- Data excerpt:
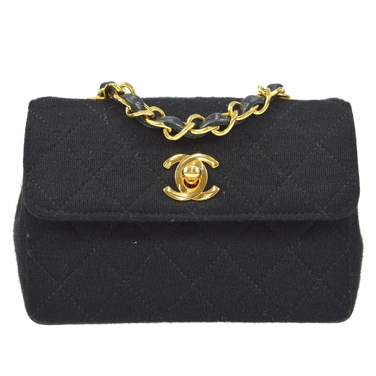 | CHANEL Chain Shoulder Bag Black Cotton | |
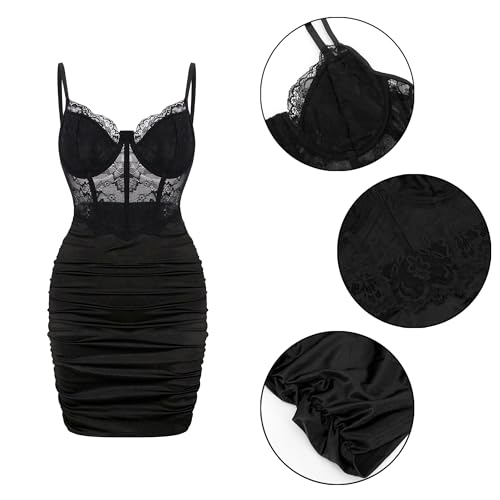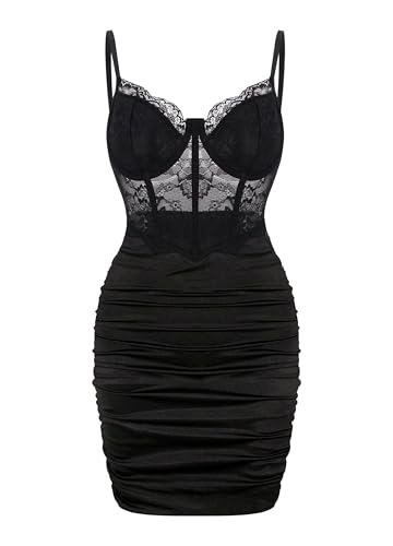 jascaela Womens Mesh Corset Dress Sexy Sleeveless Satin Slit Dresses Party Cocktail Ruched Bodycon Dress
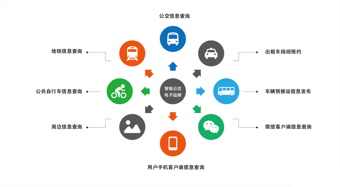 正先智能化公交电子站牌集成了公交信息查询、车辆预报站信息发布、出租车扬招预约、微信客户端信息查询、手机移动端管理管家、周边数字化信息发布、公共自行车信息查询、地铁信息查询等智能化功能,智能化程度高,技术先进,运行稳定,兼容性可扩展强,功能丰富。
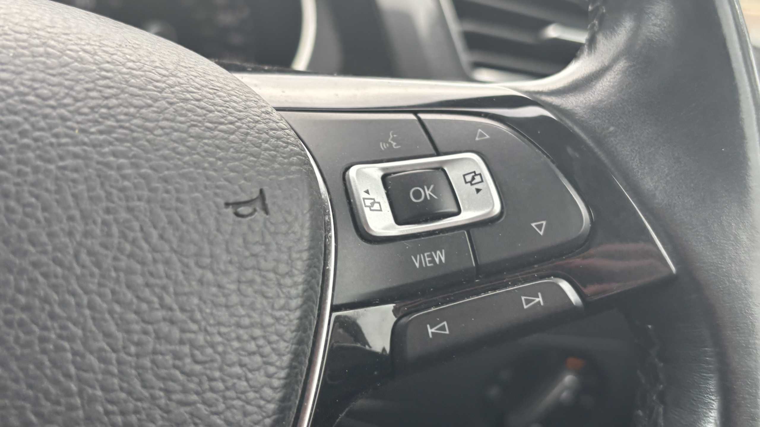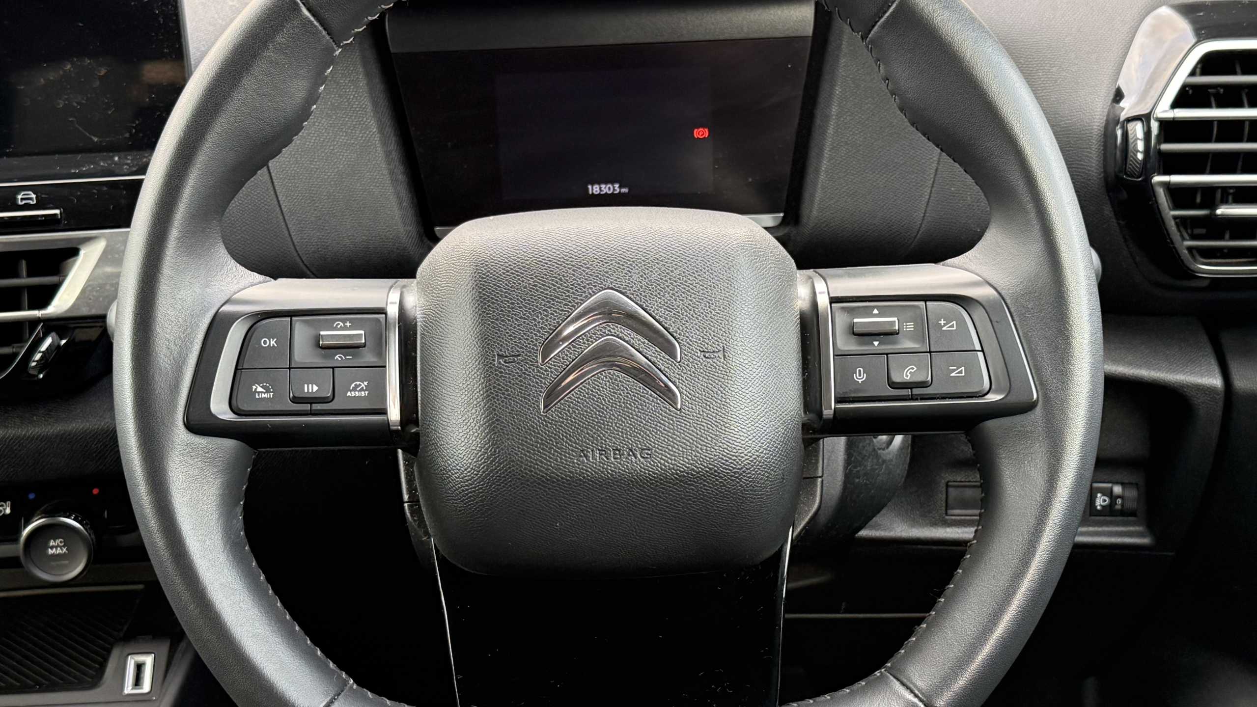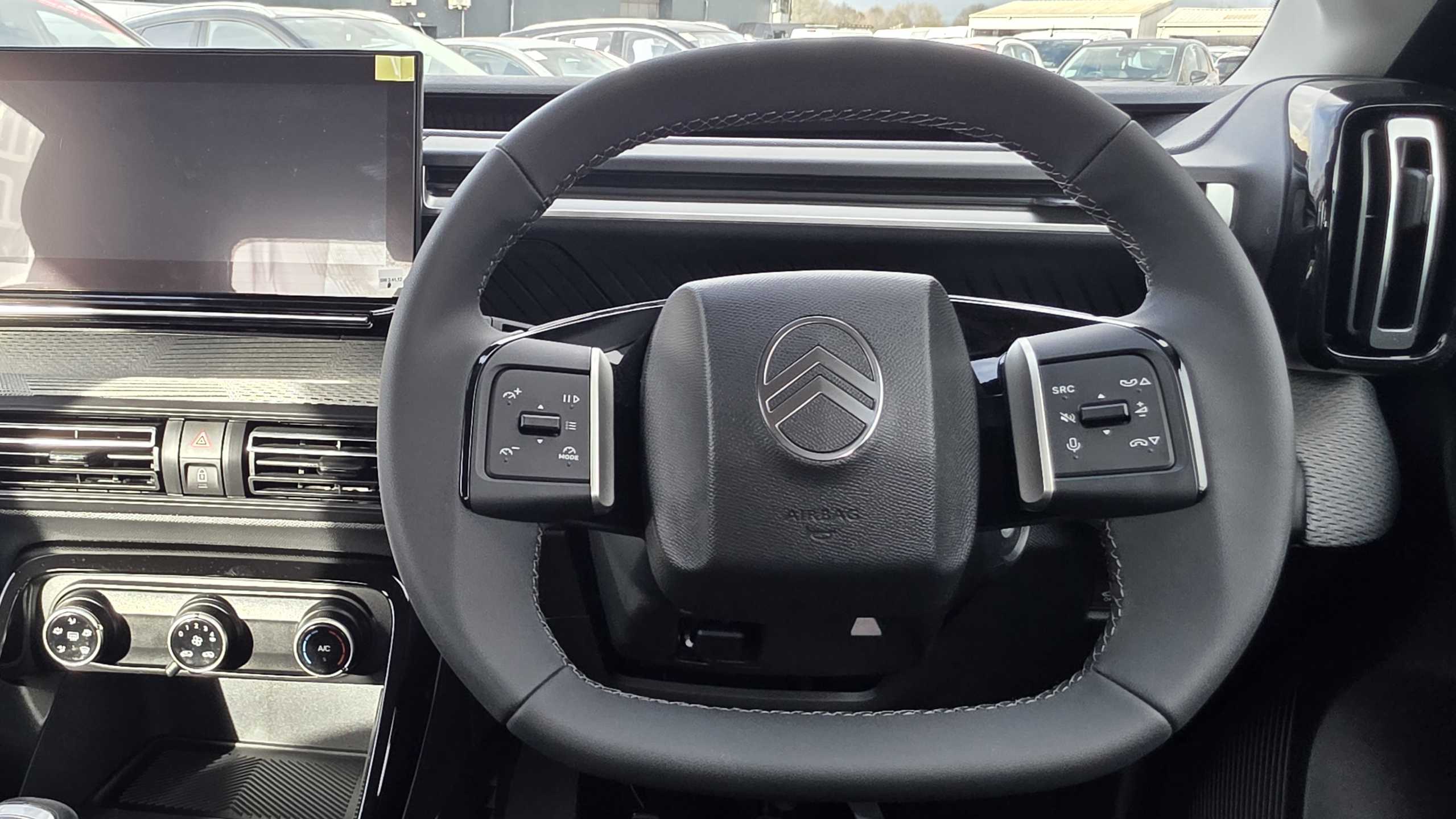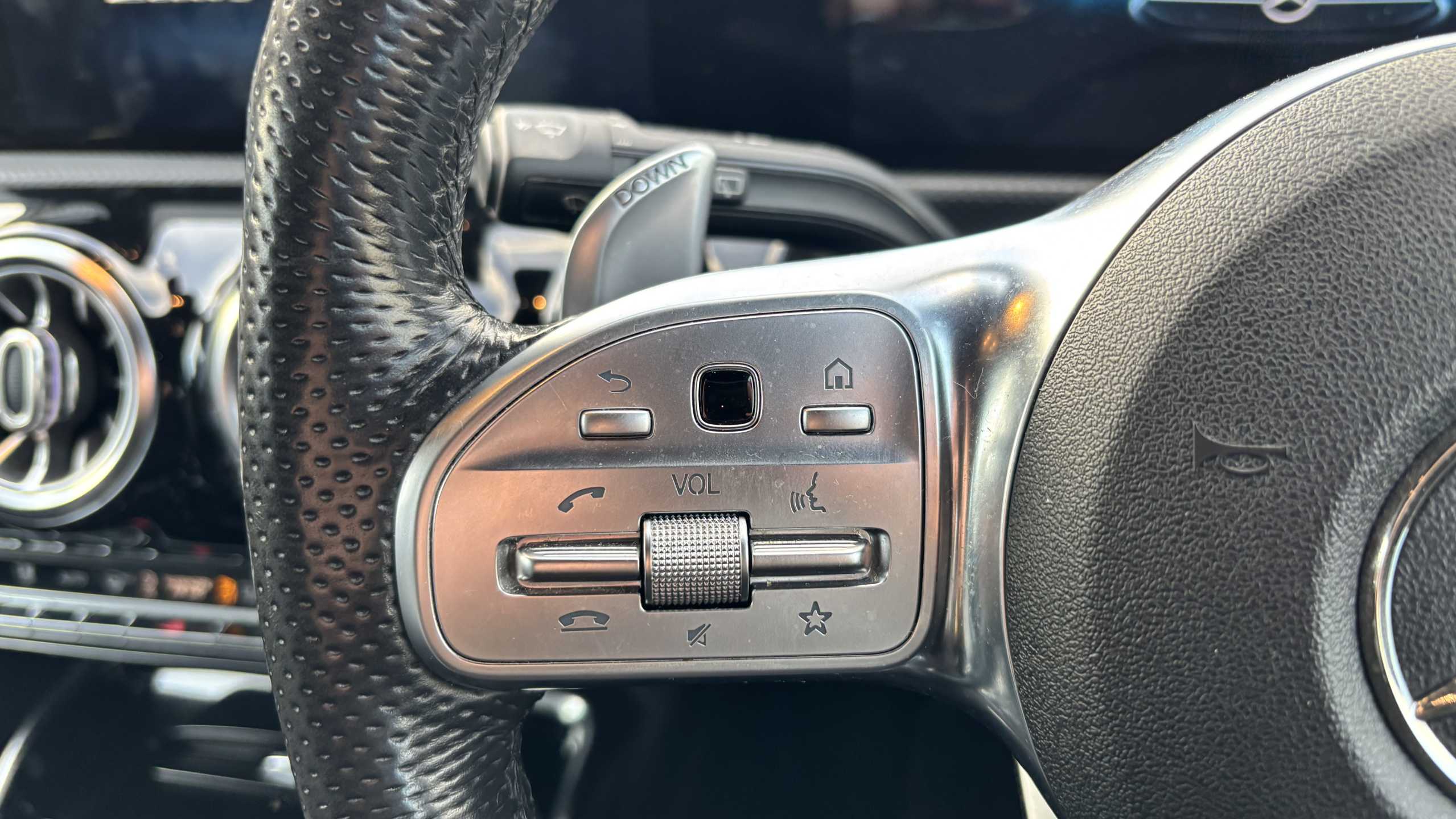 "Grained leather steering wheel with two command blocks",

- Required work:
Transcribe the data word for word, with no images.

- Solution below:
 | CHANEL Chain Shoulder Bag Black Cotton | |
 jascaela Womens Mesh Corset Dress Sexy Sleeveless Satin Slit Dresses Party Cocktail Ruched Bodycon Dress
 正先智能化公交电子站牌集成了公交信息查询、车辆预报站信息发布、出租车扬招预约、微信客户端信息查询、手机移动端管理管家、周边数字化信息发布、公共自行车信息查询、地铁信息查询等智能化功能,智能化程度高,技术先进,运行稳定,兼容性可扩展强,功能丰富。
 "Grained leather steering wheel with two command blocks",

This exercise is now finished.